Für die Frage, ob eine vGA vorliegt, sei grundsätzlich auf die Verhältnisse bei Erteilung der Zusage abzustellen (BFH-Urteil vom 31.3.2004). Ein Statuswechsel vom nicht beherrschenden zum beherrschenden GGF begründe für sich allein regelmäßig noch keinen Anlass zur Prüfung, ob das in der Zusage vereinbarte Pensionsalter durch das Gesellschaftsverhältnis veranlasst ist. Dies gelte jedoch nicht, wenn weitere Anhaltspunkte für eine mögliche Veranlassung durch das Gesellschaftsverhältnis hinzutreten.

Auswirkungen der BAG-Urteile vom 15.5.2012 und 13.1.2015 auf Zusagen über Unterstützungskassen (§ 4d EStG) und unmittelbare Pensionszusagen (§ 6a EStG)

Entsprechend den zuvor genannten BAG-Urteilen sei bei einem Gesamtversorgungssystem die Bezugnahme auf die Vollendung des 65. Lebensjahres in einer vor dem Inkrafttreten des RV-Altersgrenzenanpassungsgesetzes vom 20.4.2007 entstandenen Versorgungsordnung regelmäßig dahingehend auszulegen, dass damit auf die Regelaltersgrenze in der gesetzlichen Rentenversicherung Bezug genommen wird.

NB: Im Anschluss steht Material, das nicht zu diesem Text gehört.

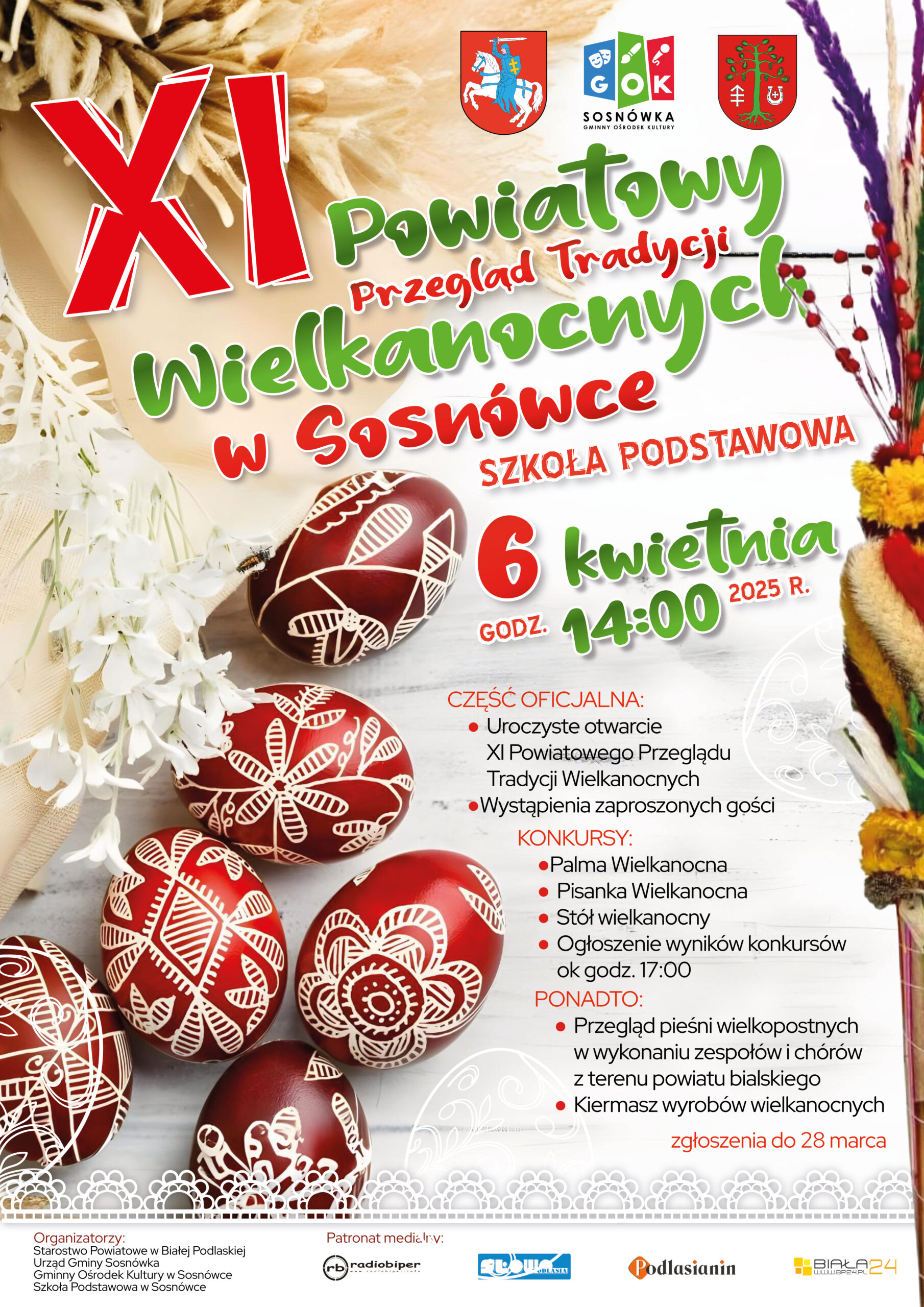 Starostwo Powiatowe w Białej Podlaskiej, Wójt Gminy Sosnówka oraz Gminny Ośrodek Kultury w Sosnówce serdecznie zapraszają do wzięcia udziału w XI Powiatowym Przeglądzie Tradycji Wielkanocnych, który odbędzie się 6 kwietnia 2025 roku o godzinie 14.00 w Szkole Podstawowej w Sosnówce.

Bilanzsteuerrechtlich bleibe auch bei von der BAG-Rechtsprechung betroffenen Gesamtversorgungszusagen das schriftlich fixierte Pensionsalter maßgebend

Bei Änderungen des bislang schriftlich vereinbarten Pensionsalters, aufgrund der BAG-Entscheidung, sei diese Anpassung nach den allgemeinen Grundsätzen durch eine schriftliche Änderung der betroffenen Zusage zu dokumentieren (Schriftformerfordernis gemäß § 4d Abs. 1 Satz 1 Nr. 1 Satz 1 lit. b) Satz 2 und 5 EStG bzw. § 6a Abs. 1 Nr. 3 EStG).

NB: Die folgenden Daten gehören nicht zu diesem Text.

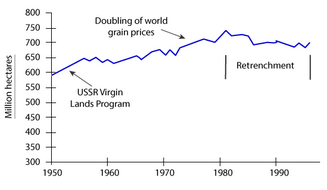 [Line Graph: The graph below shows the area of land from which grain was harvested. Write a report for a university lecturer describing the information in the graph.]

Es sei bilanzsteuerrechtlich nicht zu beanstanden, wenn die betreffenden Versorgungszusagen spätestens bis zum Ende des Wirtschaftsjahres angepasst werden, das nach dem 9.12.2016 beginnt (Übergangsfrist). Versorgungszusagen, die nicht innerhalb der Übergangsfrist angepasst wurden, könnten aufgrund des nicht erfüllten Schriftformerfordernisses bilanzsteuerrechtlich nicht mehr berücksichtigt werden und seien in der Steuerbilanz gewinnerhöhend aufzulösen.

Praxishinweis

Für Pensionszusagen, bei denen der Arbeitgeber auch steuerlich wirksam der BAG-Rechtsprechung folgen will, kann dieser die Änderung der Pensionszusage noch bis zum Ende des Wirtschaftsjahres vornehmen, das nach dem 9.12.2016 beginnt. Sollte das Wirtschaftsjahr dem Kalenderjahr entsprechen, kann die Änderung noch bis zum 31.12.2017 erfolgen. Wichtig bei der Änderung ist die Einhaltung des zuvor genannten Schriftformerfordernisses. Sollte dies bei einer Änderung nicht eingehalten werden, ist die insoweit passivierte Pensionsrückstellung gewinnerhöhend aufzulösen.

Soll das in der Versorgungszusage genannte Pensionsalter von 65 Jahren für die Bilanzierung der Pensionsrückstellung in der Steuerbilanz (weiterhin) zugrunde gelegt werden, so empfehlen wir ebenfalls eine schriftliche Klarstellung, da aufgrund der Rechtsprechung nicht eindeutig ist, ob hiermit tatsächlich das 65. Lebensjahr oder das gesetzliche Regelrenteneintrittsalter gemeint ist.

Die Rechtsprechung des BAG und der Wortlaut des BMF-Schreibens beziehen sich ausdrücklich nur auf sogenannte Gesamtversorgungszusagen. Der zugrunde liegende Sachverhalt betrifft allerdings auch sämtliche Formen der ergänzenden betrieblichen Altersversorgung, sodass nach unserer Ansicht die grundlegenden Ausführungen der BAG-Rechtsprechung dahingehend auszulegen sind, dass sämtliche Pensionszusagen davon betroffen seien. Aus diesem Grund empfehlen wir allen Mandanten, die Pensionszusagen bilanzieren, diese entsprechend dem Pensionsalter unter Berücksichtigung des Schriftformerfordernisses zu konkretisieren. Dies gilt auch für diejenigen Fälle, in denen es nicht zu einer Änderung des maßgeblichen Renteneintrittsalters kommen soll; auch dies sollte klarstellend dokumentiert werden.